§ DATA SECTION
################
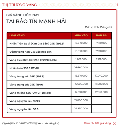 Vàng nhẫn Kim Gia Bảo tại Bảo tín Mạnh Hải niêm yết tại 168,1 - 171,1 triệu đồng/lượn
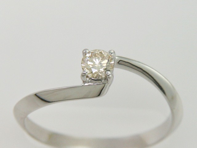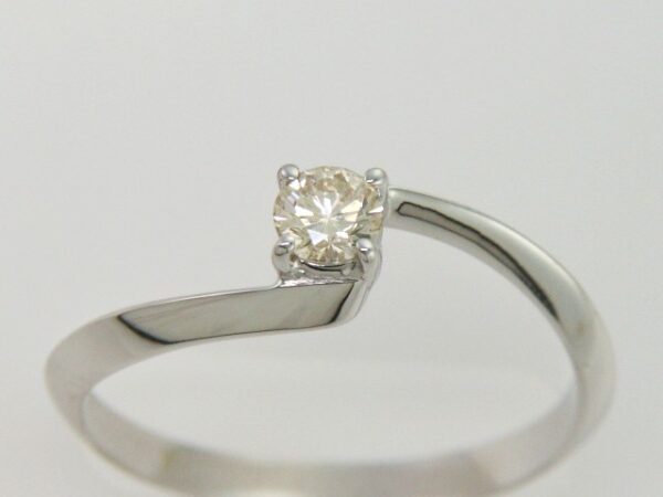 Anillo Solitario con Centro 0.15 Quilates de Diamante en ORO BLANCO de 14 kt
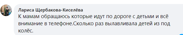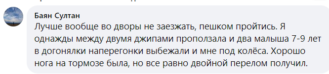 "Лучше вообще во дворы не заезжать, пешком пройтись. Я однажды между двумя джипами проползала и два малыша 7-9 лет в догонялки наперегонки выбежали и мне под колёса. Хорошо нога на тормозе была, но все равно двойной перелом получил", "Я бы ещё обратилась к родителям. Иногда наблюдаешь отсутствие самосохранения к себе и к своему ребенку, стоят вдоль дороги, ловят такси, ребенок — непоседа, вертится туда-сюда… Держите детей за руку, пожалуйста!", "К мамам обращаюсь которые идут по дороге с детьми и всё внимание в телефоне.Сколько раз вылавливала детей из -под колёс", — пишут участники группы в комментариях.
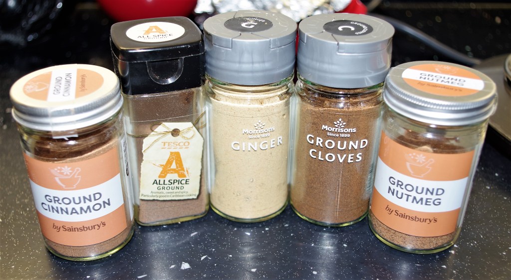 - 3 – 4 tsp of ground Christmassy spices, as above
################
§ EXERCISE AIM
Reproduce the data above line for line, from its first line through the line containing "Anillo Solitario con", both ends included, with the pictures omitted and nothing more.

§ TASK OUTPUT
 Vàng nhẫn Kim Gia Bảo tại Bảo tín Mạnh Hải niêm yết tại 168,1 - 171,1 triệu đồng/lượn
 Anillo Solitario con Centro 0.15 Quilates de Diamante en ORO BLANCO de 14 kt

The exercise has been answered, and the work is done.